Two other parties will join My Step in parliament: business tycoon Gagik Tsarukyan’s Prosperous Armenia Party (PAP), and the liberal Bright Armenia party with eight-percent and six-percent, respectively.
The Republican Party suffered its greatest electoral defeat ever, not only losing control of the house but with only 60 thousand votes, failing to pass the five-percent threshold for parliamentary representation. The Republican Party was quick to condemn the election as unfair. Vice President of the RPA Arpine Hovhannisyan claimed, “All the kinds of violations that were typical of previous elections are present during today’s election.” Hovhannisyan served as Justice Minister during the previous election, which she declared free and fair. The party has not formally challenged the election results officially, however.
The Armenian Revolutionary Federation (ARF) also lost all of its seats; the party gathered less than four-percent of the vote. Other parties including the newly-formed social-democratic “Citizen’s Choice” and the far-right Sasna Dzrer parties did not make the cut either.
At a late-night press conference shortly after the announcement of the results, Pashinyan declared, “The revolution is not over. This is only the first stage. The revolution will not be complete until all its goals are fulfilled: to turn Armenia into an economically developed country and a strong member of the international political family.”
The outgoing Republican Party seized on the seemingly modest turnout of 50 percent. Deputy Chairman Armen Ashotyan took to Facebook claiming, “This proves that the holding of the pre-term parliamentary elections in December was not a ‘popular demand’ but the result of Nikol Pashinyan’s personal political calculations and interests.” Last year’s parliamentary vote saw a voter turnout of 60 percent.
On Facebook Live, Pashinyan downplayed the lower turnout, arguing that voters weren’t bribed or coerced to the polling stations this year. Others have pointed to the fact that the elections list included those who had been living outside the country for decades while maintaining a local address, thus inflating the number of eligible voters.
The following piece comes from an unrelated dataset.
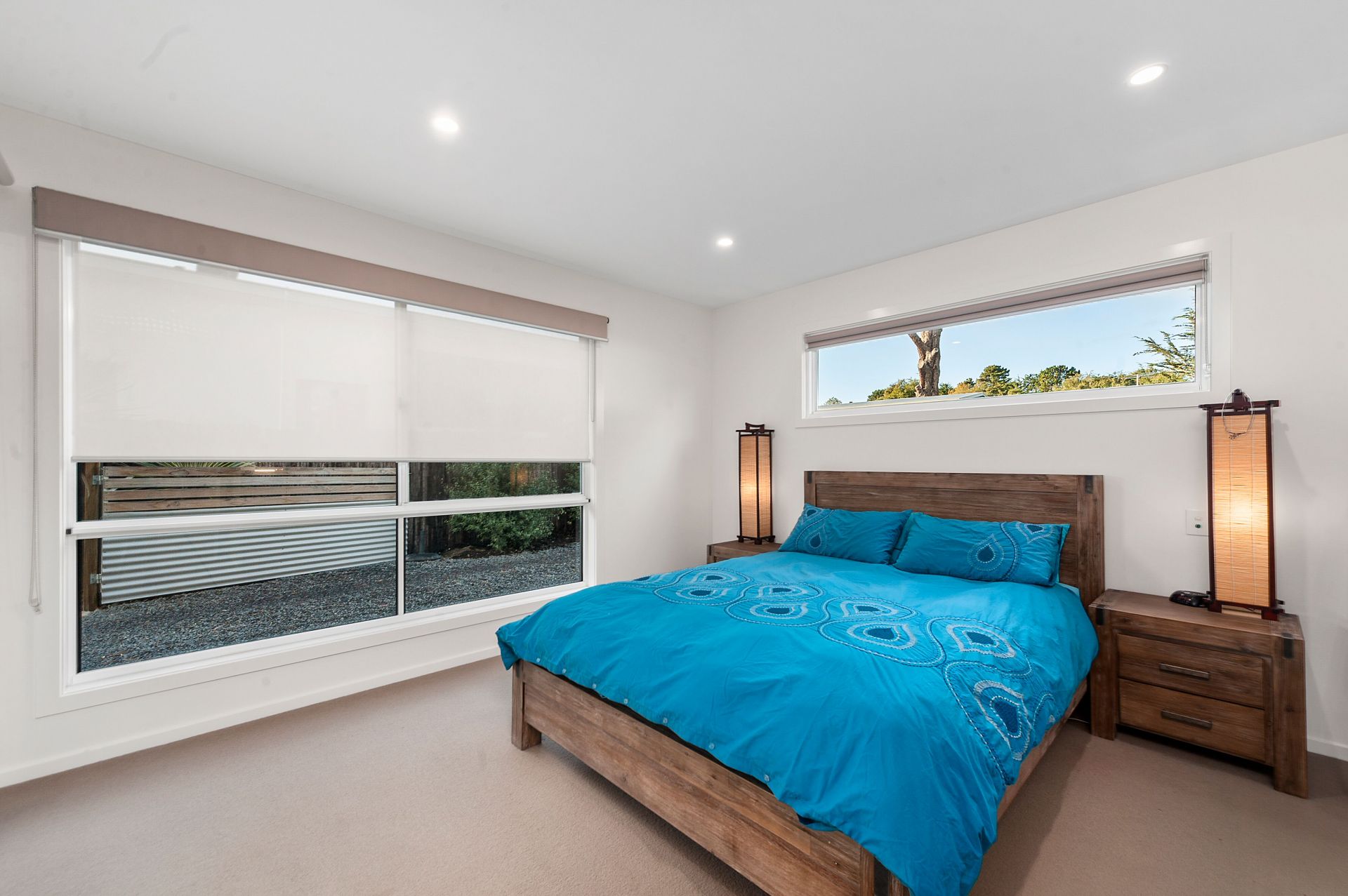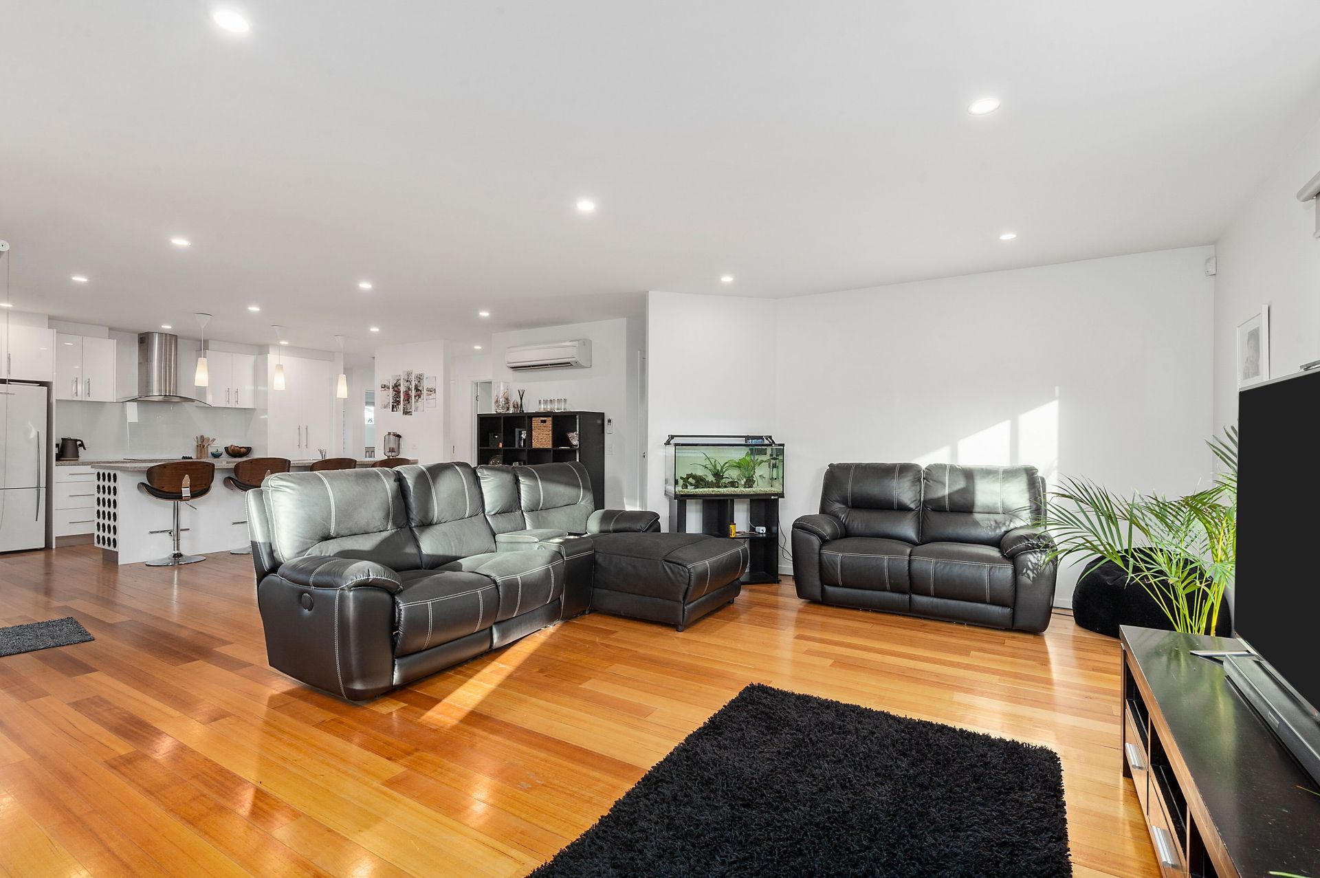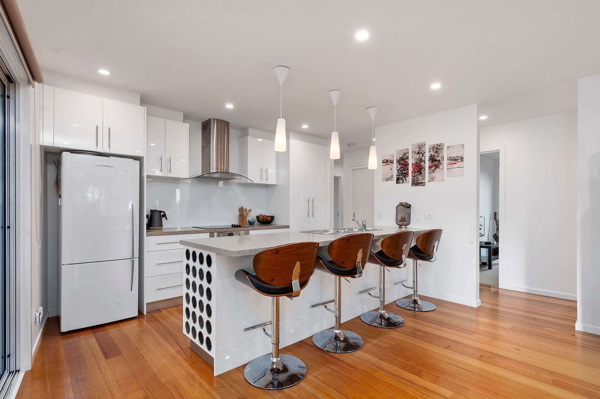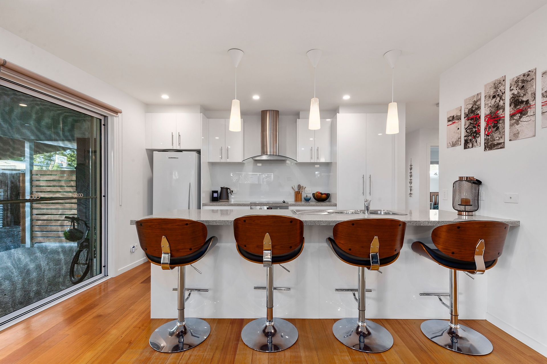 A spacious living area boasting large windows, polished floor boards and wood heater for those cool winter nights. Enjoy entertaining in your open plan dining and modern kitchen with island bench, built-in wine rack and large bi-fold glass doors opening out to a covered external deck area of exposed aggregate concrete.

This election process witnessed an energetic and competitive campaign period and a landmark televised debate. On voting day, eight international observation missions numbering 505 observers joined almost 18-thousand local observers belonging to 22 local organizations.
Monitors recorded much fewer violations than in previous elections, many of which involved technical issues. Incidentally, several election-related violations involved the Republican Party handing out bribes or printed voting instructions for elderly voters.
During a press conference on Monday, the European Union’s observation mission said the elections “were held with respect for fundamental freedoms and enjoyed broad public trust that needs to be preserved through further electoral reforms.” A similar conclusion was reached by the Organization for Security and Cooperation in Europe (OSCE)’s observation mission.
At the polling stations, police officers stood watch while voters lined up to cast ballots. The crowd at precinct 9/21 on Yerevan’s Saryan Street was made up primarily younger voters. One woman told the Weekly, “This is my first time voting, the first time I felt it mattered.”
As the CEC wraps up its final seat allocation in the new parliament, Pashinyan is laying out his priorities to voters. “Our chief priority will be to bring about an ‘economic revolution’ that would significantly reduce poverty, create many jobs and thus raise living standards in the country.”